Taxi Driver 40 anos - um retrovisor do presente.



Você poderá não lembrar daqui a 10 minutos de seu último comentário sobre um meme compartilhado por seu amigo, mas daqui a 10 anos estaremos falando de meio século de Taxi Driver (1976). Travis Bickle continuará, como nós, esquizofrenicamente, se olhando no espelho.

É verdade que nem sempre artistas são os melhores analistas de suas obras. Scorsese diria certa vez que se tivesse que explicar o filme, ele não o teria feito. Mas, das muitas falas sobre a obra, a que mais me chama atenção hoje é a do roteirista Paul Schrader.

Em uma edição especial do filme ele diz: “Bickle é o que fui, um jovem alienado e zangado. O filme é sobre um jovem. De várias maneiras, é um filme meio adolescente. Ele contém a raiva adolescente de jovens frustrados cheios de adrenalina e sêmen que querem controlar o mundo ou se vingar dele. Ou seja, dos familiares, dos primos, das colegas de escola e tudo mais”.

Isso, em parte, explica os pôsteres do filme nos quartos juvenis. Schrader está generalizando. Ele não quer dizer, evidentemente, que todo jovem se tornará um Travis Bickle. Mas, pelo menos, sua leitura é menos determinista do que aquelas que apontam Bickle totalmente como o resultado da sociedade norte-americana da época.

Sim. É a cidade a personagem principal a contracenar com De Niro. É através dela que se potencializam as pulsões do psicótico protagonista. Lugares, publicidade, tipos passam pelo para-brisa de seu taxi. Já no ápice de sua paranoia esquizoide, é para fora da janela, com a câmera focalizando a rua, que ele, ao comprar seu arsenal, aponta a arma.

Sua alienação está correlacionada ao seu desejo de pertencimento. Demasiadamente humano. Se a Nova York é a capital do século XX, é porque, dentre outras coisas, é com ela, naquele período especialmente, que a experiência citadina podia suscitar essa representação.

Nosso desejo de pertencimento continua a se relacionar com a grande cidade, mas ele agora também se faz através de um cenário virtualizado. Travis percorre a cidade em suas telas e decrepitude; nós, jovens tecnófilos, percorremos um cotidiano sedentos por fantásticas concretudes.

Diz Scorsese: “O ponto central é quando De Niro tenta se abrir com Peter Boyle [que faz um colega motorista]. Mas o sujeito não consegue conversar com ele. [...] Para mim aquilo era o portal, que está mais fechado do que nunca. [...] Trata-se apenas do que é ser humano, essa parte da condição humana; é disso que estamos tratando com Travis Bickle”.[1]

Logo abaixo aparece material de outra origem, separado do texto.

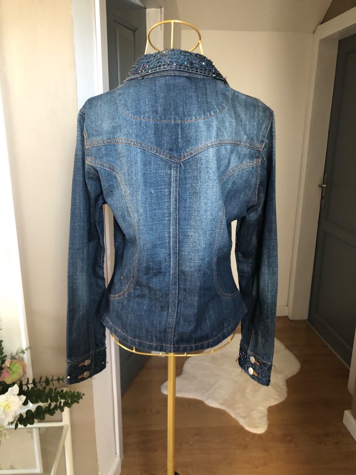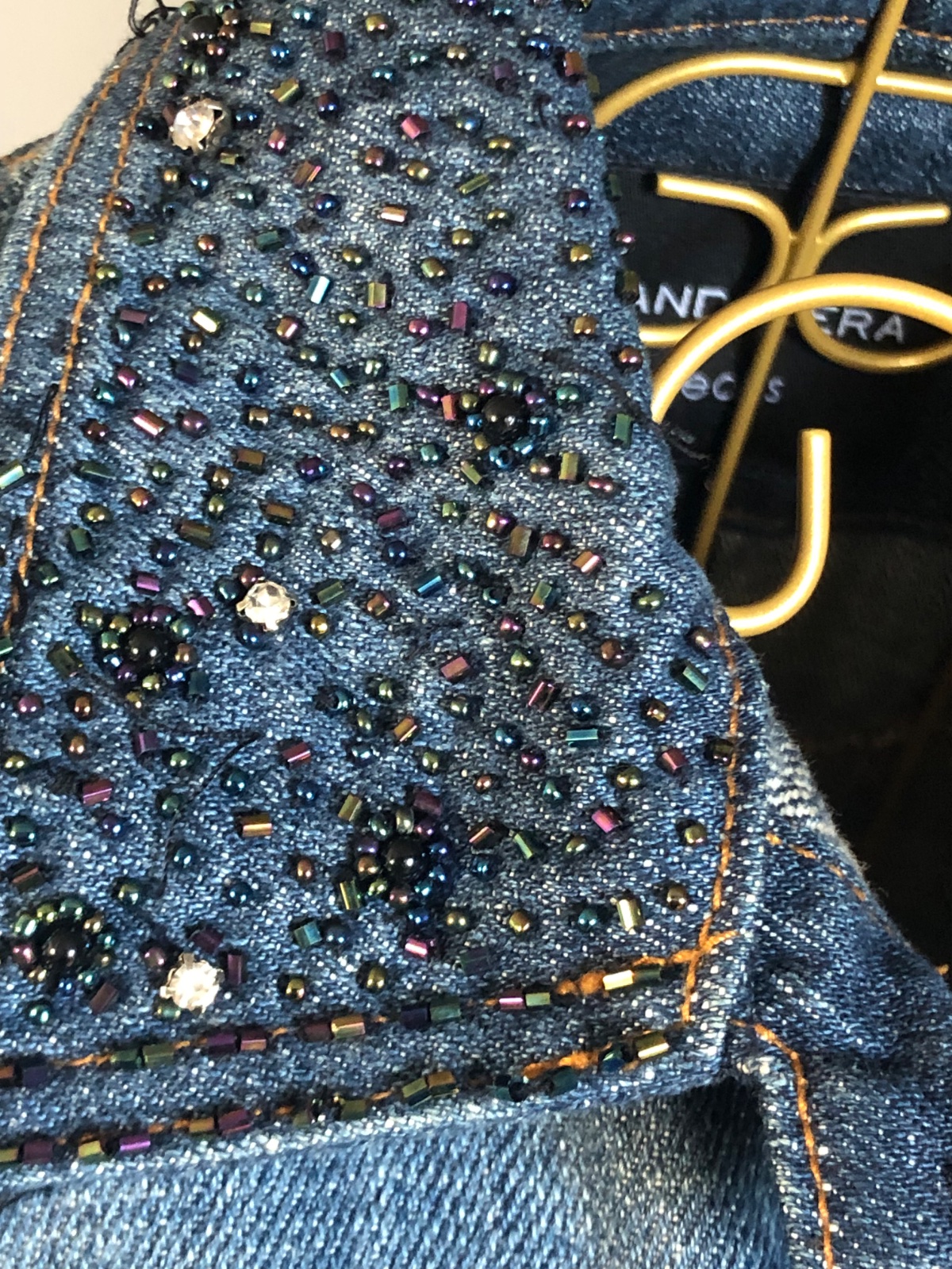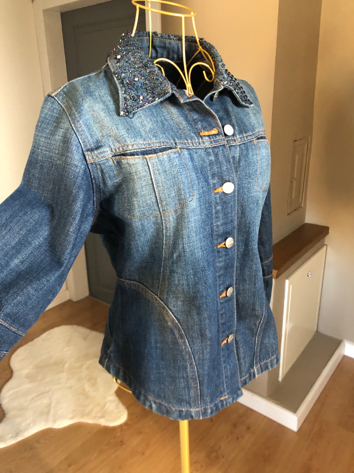 Kvalitná riflová bunda, zapínanie na gombíky, bez podšívky, golier a rukávy zdobené korálkami, super stav.

Não. Não nos tornaremos todos Bickle. Tentamos contornar nossas neuroses refletindo-nos na virtualidade de uma cidade, em bytes, arquitetada. Mas contornar também é se aproximar, observar, submergir.

Na última cena do filme, Travis, após deixar (ou imaginar deixar - é o prazer que está aqui) Betsy (sua salvação/obsessão) em casa, continua a dirigir. De repente, os reflexos borrados da cidade surgem novamente diante de seus olhos. Ele então ajeita o retrovisor para se ver. A trilha sonora aterrorizante de Bernard Herman retorna. Bickle, assustado e confuso, se reconhece e sabe que sua psicose é um passageiro fiel.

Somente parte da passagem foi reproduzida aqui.